Other advantages are that the product is relatively easy to implement (for example, it does not require complex aggregation of energy storage units), customers are locked in, and the operation of a simple “energy cloud” increases people’s interest and curiosity in residential energy storage.

In addition, traditional German utilities such as e.on, EWE, and EnBW offer energy cloud solutions in one way or another.

Also, the key reason is to retain or win support customers in an increasingly competitive retail power market, where storage products and solar hardware are sold and additional revenue streams are realized.

Most importantly, it is a good opportunity for utilities with centralized infrastructure to participate in the development of distributed generation.

In short, the utility game business model helps expand by reducing barriers to adoption, thereby increasing convenience for customers rather than saving costs

Residential energy storage market size.

“Convergence and superposition”: making full use of the potential of residential energy storage

However, the “aggregation and superposition” business model is likely to achieve real savings through residential energy storage and expand to a larger customer base.

Unlike the utility game, many residential energy storage systems are now aggregated into large “virtual batteries”.

This enables Lithium battery companies to address various use cases and may further generate revenue streams in addition to providing storage hardware and surplus power.

Lithium battery company

For example, perhaps the most frequently cited use case, in this case, is to provide frequency control with aggregate energy storage by participating in Germany’s price control reserve (PCR).

The minimum energy storage capacity required is 1 megawatt, which can cover a limited-scale residential energy storage pool.

Another example is to reduce the need for “rescheduling”, which avoids changing the power generation plans of large power plants in the short term to prevent grid constraints.

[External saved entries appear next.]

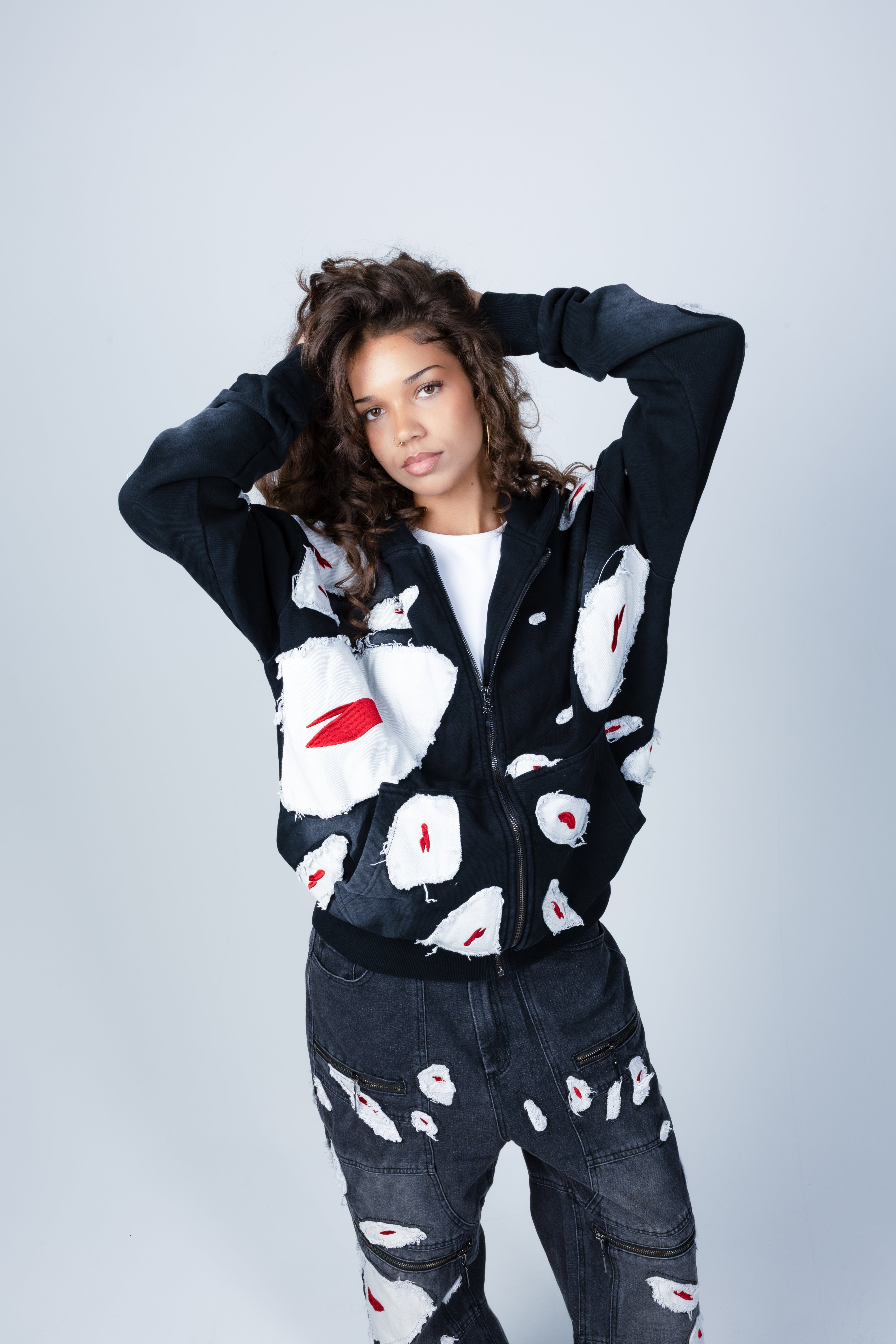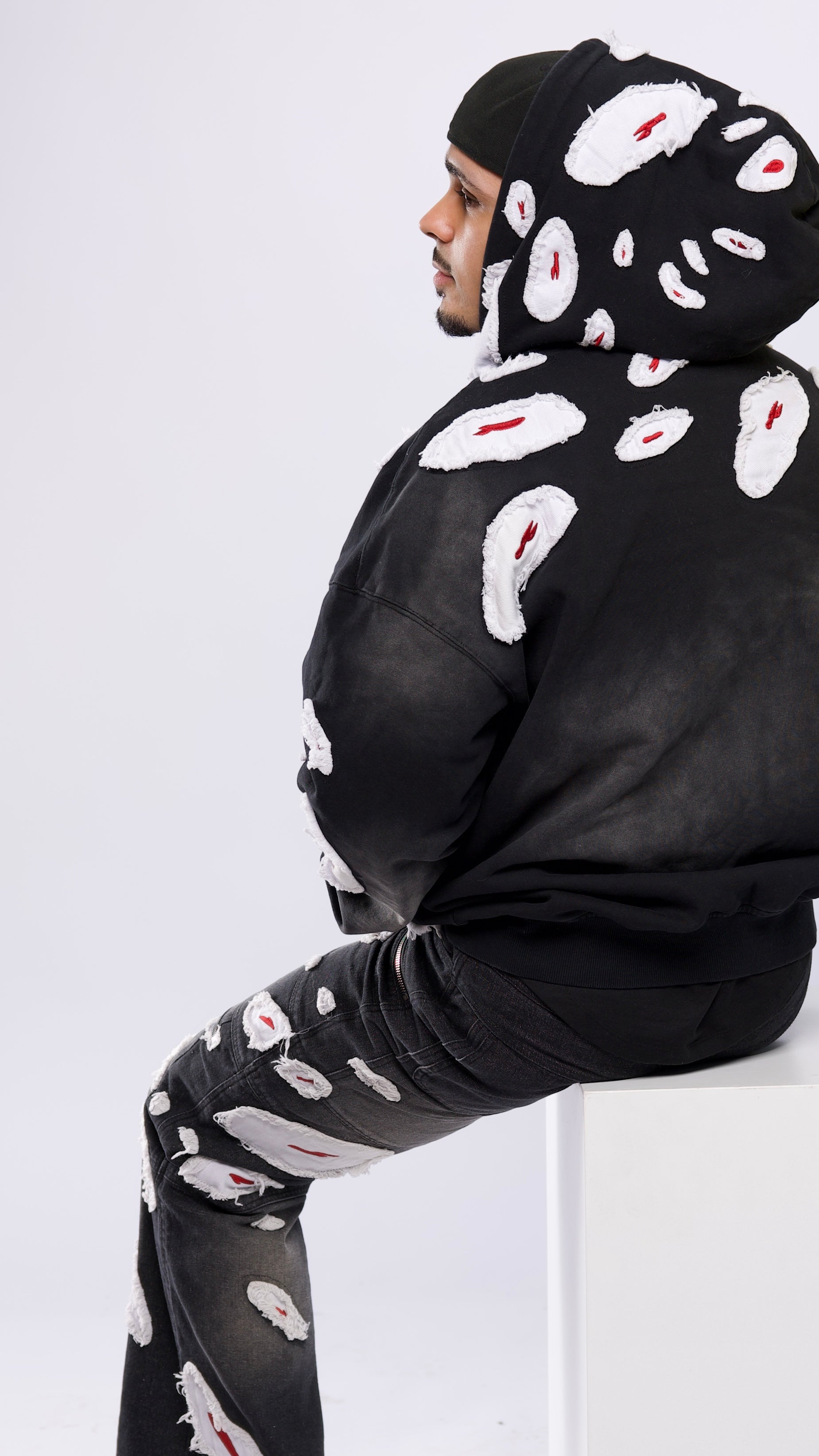 Step into the darkness with the Allmighty Zip-Up Hoodie, a black, lightly washed hoodie covered in the eyes of the allmighty. Whether you catch the reference or just love the dark streetwear aesthetic, this piece is the perfect mix of mystery and style. A bold statement on its own, but for the ultimate look, pair it with the Allmighty Baggy Pants for a complete, unstoppable fit.
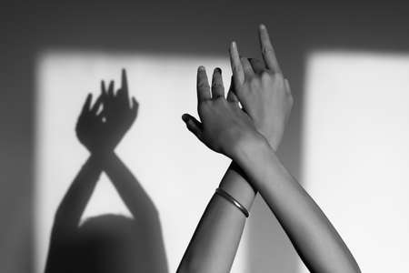 Black-white silhouette of female shoulders and arms. Female silhouette.
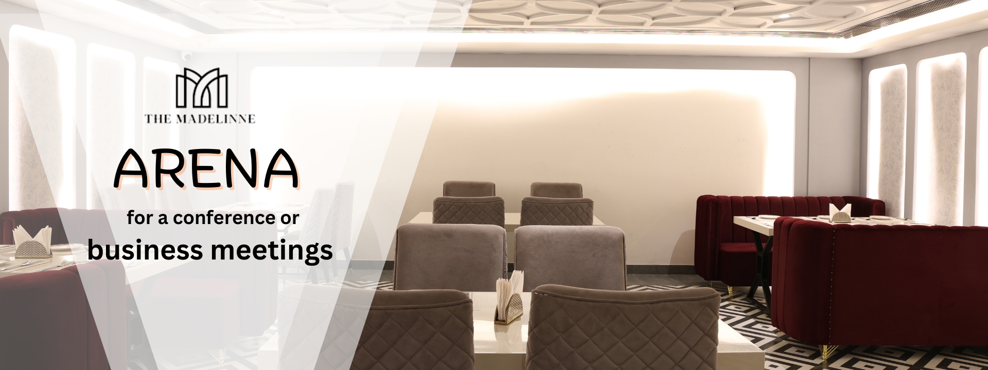 It’s a hall with an area of ………….. sqft. & capacity to accumulate 150-200 guests for a conference or business meetings with a decent pattern of lights which provides mesmerizing view to your event and also it is based upon the Modern architecture emerged at the end of the 19th century from revolutions in technology, engineering, and building materials, and from a desire to break away from historical architectural styles and invent something that was purely functional and new to the society.
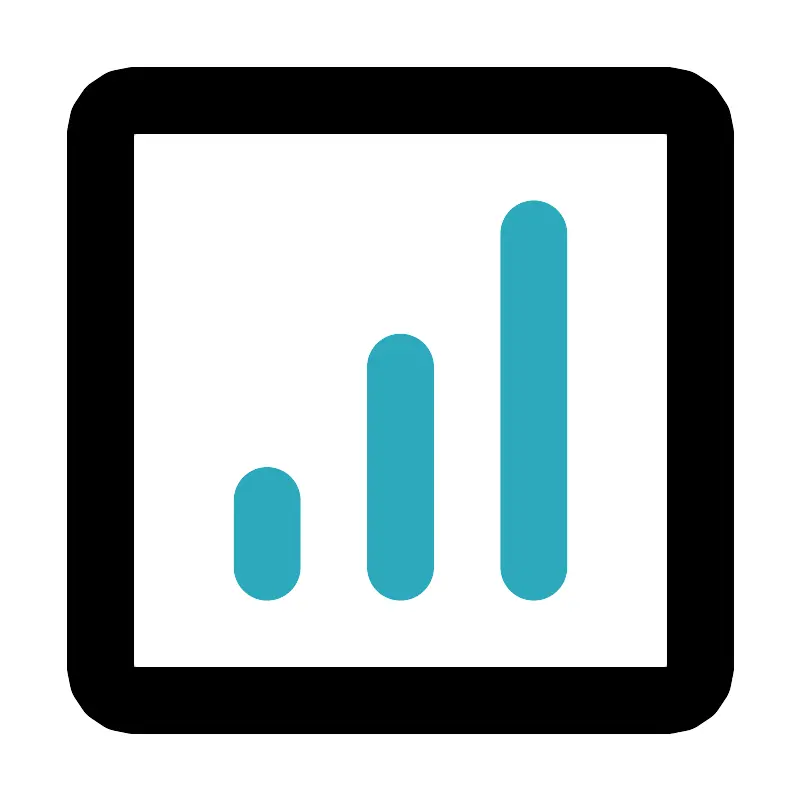 <svg fill="#000000" width="800px" height="800px" viewBox="0 0 24 24" id="stats" data-name="Line Color" xmlns="http://www.w3.org/2000/svg" class="icon line-color"><path id="secondary" d="M12,17V11M8,17V15m8,2V7" style="fill: none; stroke: rgb(44, 169, 188); stroke-linecap: round; stroke-linejoin: round; stroke-width: 2;"></path><rect id="primary" x="3" y="3" width="18" height="18" rx="1" style="fill: none; stroke: rgb(0, 0, 0); stroke-linecap: round; stroke-linejoin: round; stroke-width: 2;"></rect></svg>
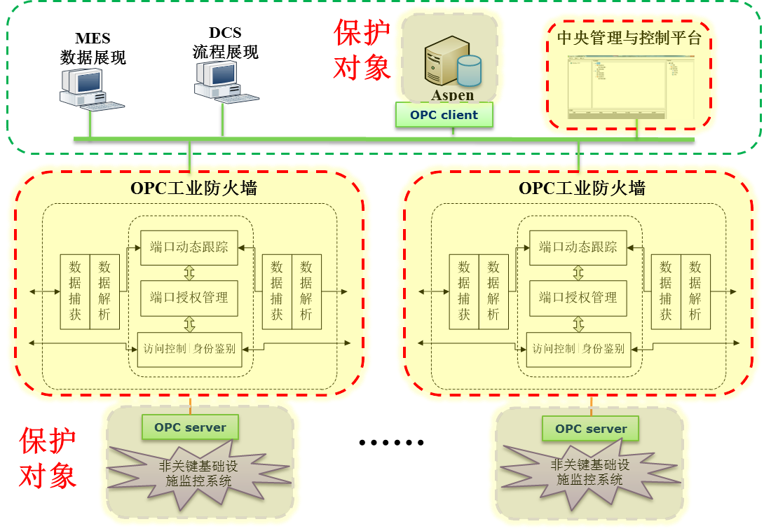 新興鑄管廠的OPC工業(yè)防火墻安全防護(hù)的總體架構(gòu)如圖所示,OPC工業(yè)防火墻保護(hù)每個(gè)控制系統(tǒng)區(qū)域,部署在控制系統(tǒng)區(qū)域出口,進(jìn)行區(qū)域隔離,避免病毒擴(kuò)散,對(duì)OPC協(xié)議進(jìn)行解析、動(dòng)態(tài)端口管理、完整性檢查等,避免病毒攻擊。安全管控平臺(tái)為統(tǒng)一的集中管理OPC工業(yè)防火墻,部署在同Aspen數(shù)據(jù)庫同一層,對(duì)整個(gè)工業(yè)智能控制網(wǎng)絡(luò)進(jìn)行實(shí)時(shí)監(jiān)控,對(duì)報(bào)警及消息日志進(jìn)行歷史存儲(chǔ)與分析。
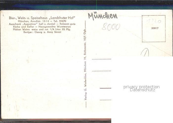 72149721 Muenchen Bayern Wein und Speisehaus Landshuter Hof postalisch nicht gelaufen Erhaltung siehe scans KatCode: 11110009162000
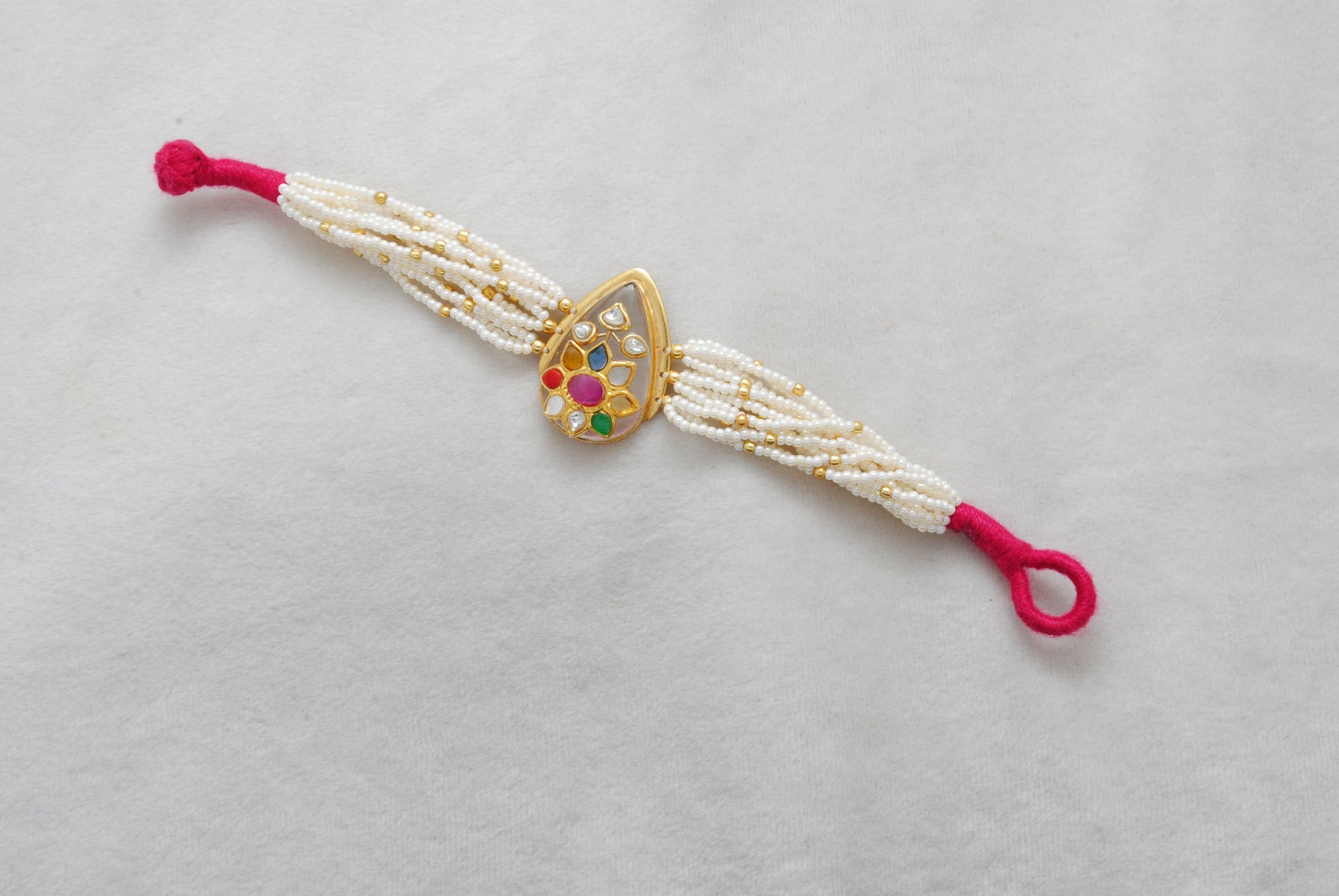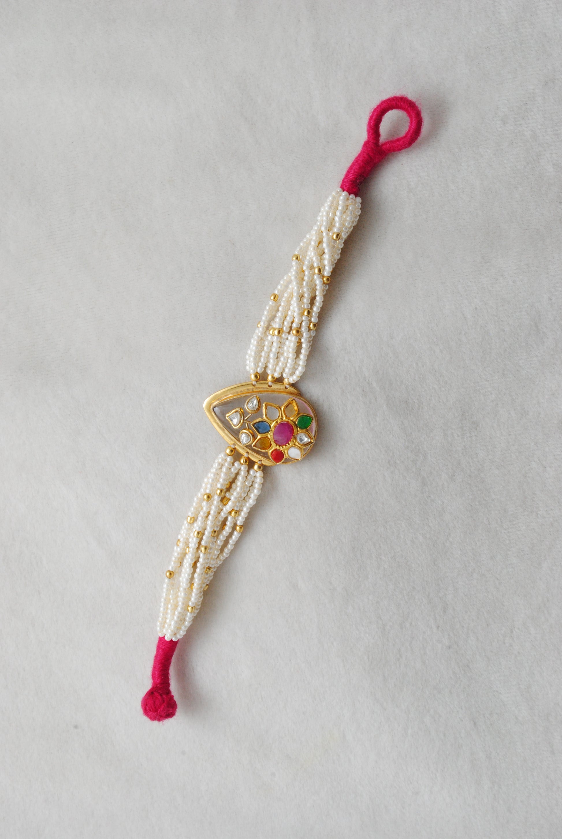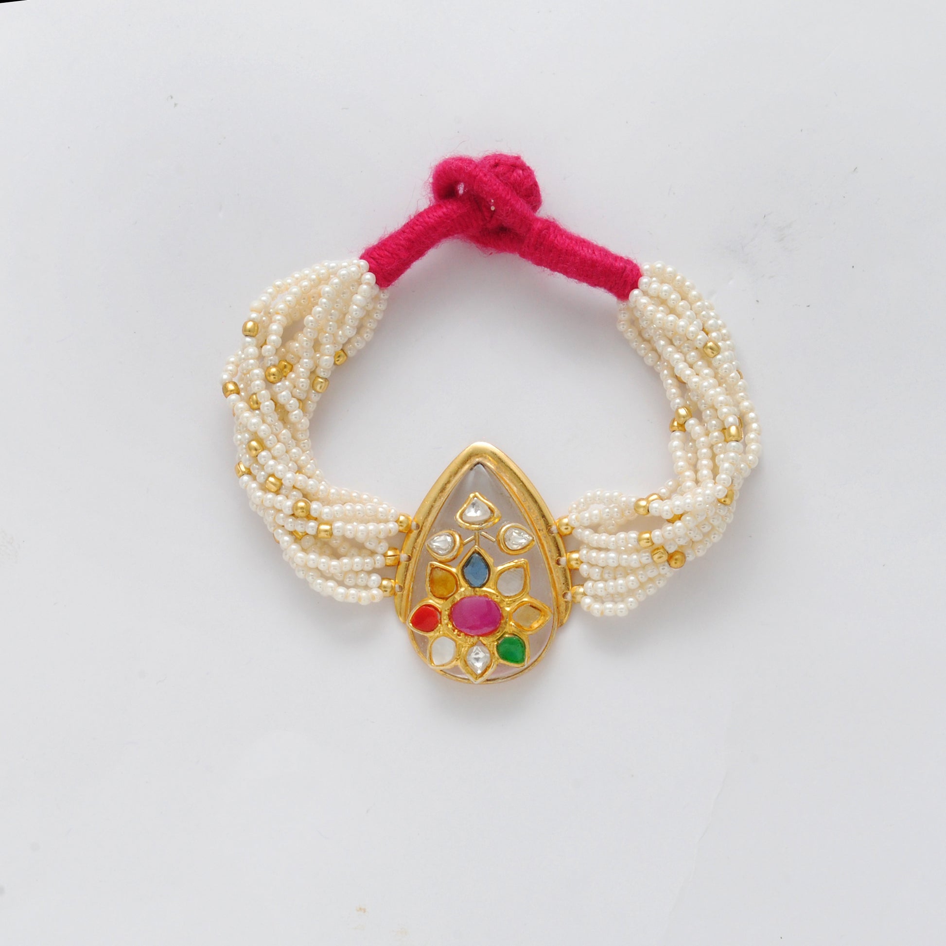 925 Sterling Silver Pearl Beaded Bracelet with Multi-Gemstone with Thread Knot Closure

Storage provider Sonnen has launched a pilot project in late 2017 to bring together a variety of home storage devices to help power transmission system operator TenneT reduce the cost of rescheduling and other balancing requirements.

In addition, Lithium battery companies have begun adding wall-mounted charging stations to their products, with the aim of adding a growing number of electric vehicles to virtual batteries to boost revenue potential through electric-vehicle access to grid services.

Wall-mounted charging stations can also achieve “smart charging” to avoid congestion and related investment in distribution networks within the distribution network operators (DSO).

The extra revenue will allow Lithium battery companies to offer customers lower hardware prices and fixed rates, ultimately saving a lot of money by adding storage equipment to residential solar systems.

Like the “utility game” business model, the product is often simpler and more interesting, such as joining a community of renewable energy and energy storage enthusiasts.

Finally, it can persuade cost-sensitive customers to expand the mass market of residential energy storage.

Overcome today’s challenges

Germany’s early adopters were not enough to lift the residential energy storage market to new levels of growth.

In addition to early adopters, a wider range of customers must be attracted.

While lower overall costs for energy storage systems and the coming expiration of FiT are certainly helpful, simplified products that increase customer convenience are a good way to reduce barriers to adoption and further expand the reach of the customer base.

But in order to eventually expand the mass market for residential energy storage, buyers need to be persuaded by cost savings, and the ability to stack income streams by aggregating household storage facilities could be a key driver.

For Lithium battery companies, exploring and seizing these opportunities is a good strategy, even if the challenges remain.